[Listed entries — start]

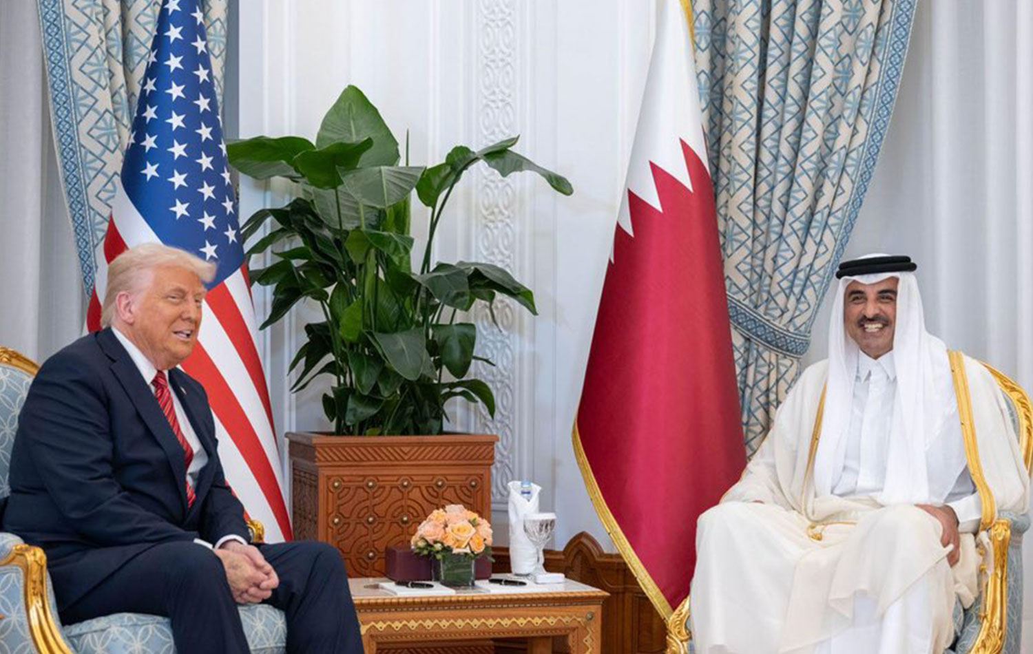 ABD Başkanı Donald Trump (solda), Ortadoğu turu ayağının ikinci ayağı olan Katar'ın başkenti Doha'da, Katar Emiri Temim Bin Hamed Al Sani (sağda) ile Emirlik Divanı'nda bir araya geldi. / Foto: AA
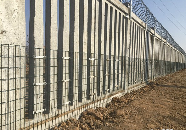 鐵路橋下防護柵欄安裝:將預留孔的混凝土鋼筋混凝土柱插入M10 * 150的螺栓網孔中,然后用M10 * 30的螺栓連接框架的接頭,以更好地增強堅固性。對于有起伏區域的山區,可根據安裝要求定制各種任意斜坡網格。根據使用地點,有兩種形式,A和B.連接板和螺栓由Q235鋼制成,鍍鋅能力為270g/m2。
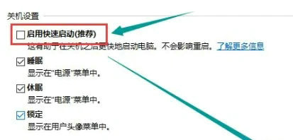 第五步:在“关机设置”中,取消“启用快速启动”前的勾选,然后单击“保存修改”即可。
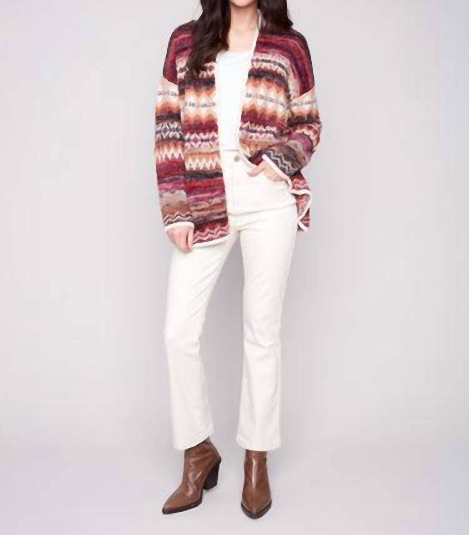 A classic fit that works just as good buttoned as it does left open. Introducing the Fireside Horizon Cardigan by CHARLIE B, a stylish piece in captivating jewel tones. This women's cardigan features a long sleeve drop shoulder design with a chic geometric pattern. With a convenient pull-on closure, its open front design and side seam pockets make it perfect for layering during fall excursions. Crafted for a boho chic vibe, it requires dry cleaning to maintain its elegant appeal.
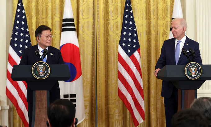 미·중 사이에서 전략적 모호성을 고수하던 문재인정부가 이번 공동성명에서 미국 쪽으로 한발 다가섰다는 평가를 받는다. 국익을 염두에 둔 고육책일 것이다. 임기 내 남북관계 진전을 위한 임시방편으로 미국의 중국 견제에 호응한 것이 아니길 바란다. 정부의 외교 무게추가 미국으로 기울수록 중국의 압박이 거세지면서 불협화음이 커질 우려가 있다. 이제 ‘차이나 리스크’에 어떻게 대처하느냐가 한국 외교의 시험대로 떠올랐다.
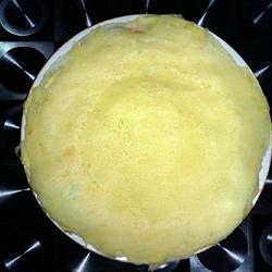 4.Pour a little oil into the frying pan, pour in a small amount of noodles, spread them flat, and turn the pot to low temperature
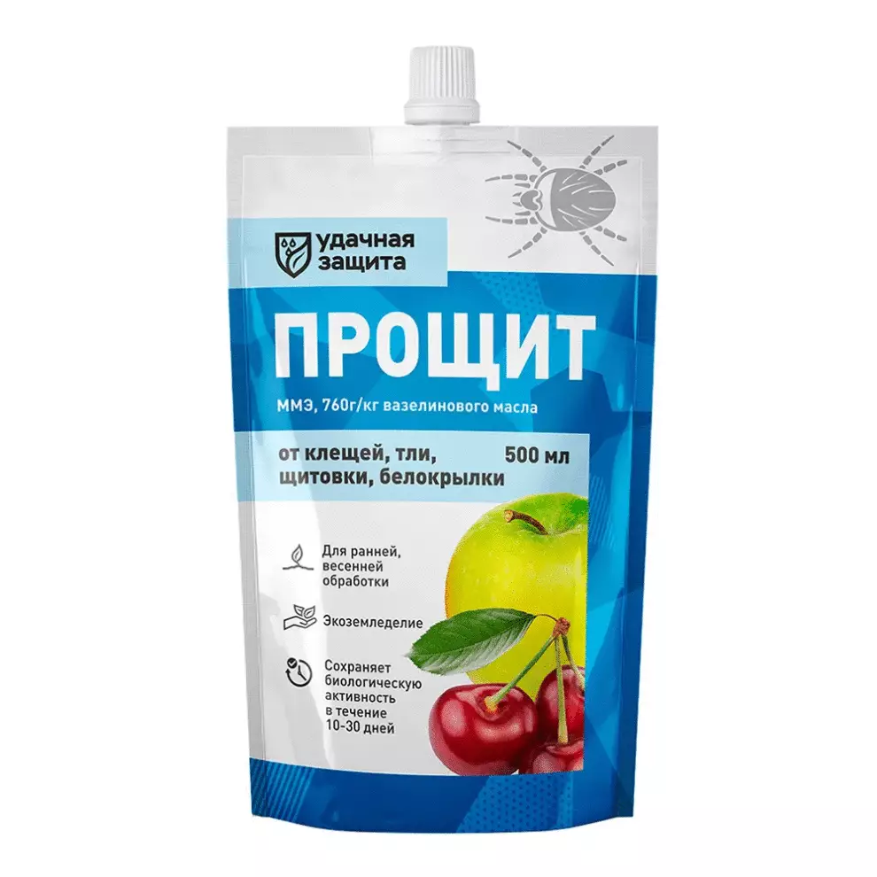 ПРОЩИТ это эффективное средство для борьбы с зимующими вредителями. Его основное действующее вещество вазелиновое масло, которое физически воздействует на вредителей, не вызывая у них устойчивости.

[Listed entries — finish]

- Task item
Repeat nothing but the lines from the one containing "4.Pour a little" through the last line of the listing, both included, exactly as written, and omit any picture.

- Solution for this task
 4.Pour a little oil into the frying pan, pour in a small amount of noodles, spread them flat, and turn the pot to low temperature
 ПРОЩИТ это эффективное средство для борьбы с зимующими вредителями. Его основное действующее вещество вазелиновое масло, которое физически воздействует на вредителей, не вызывая у них устойчивости.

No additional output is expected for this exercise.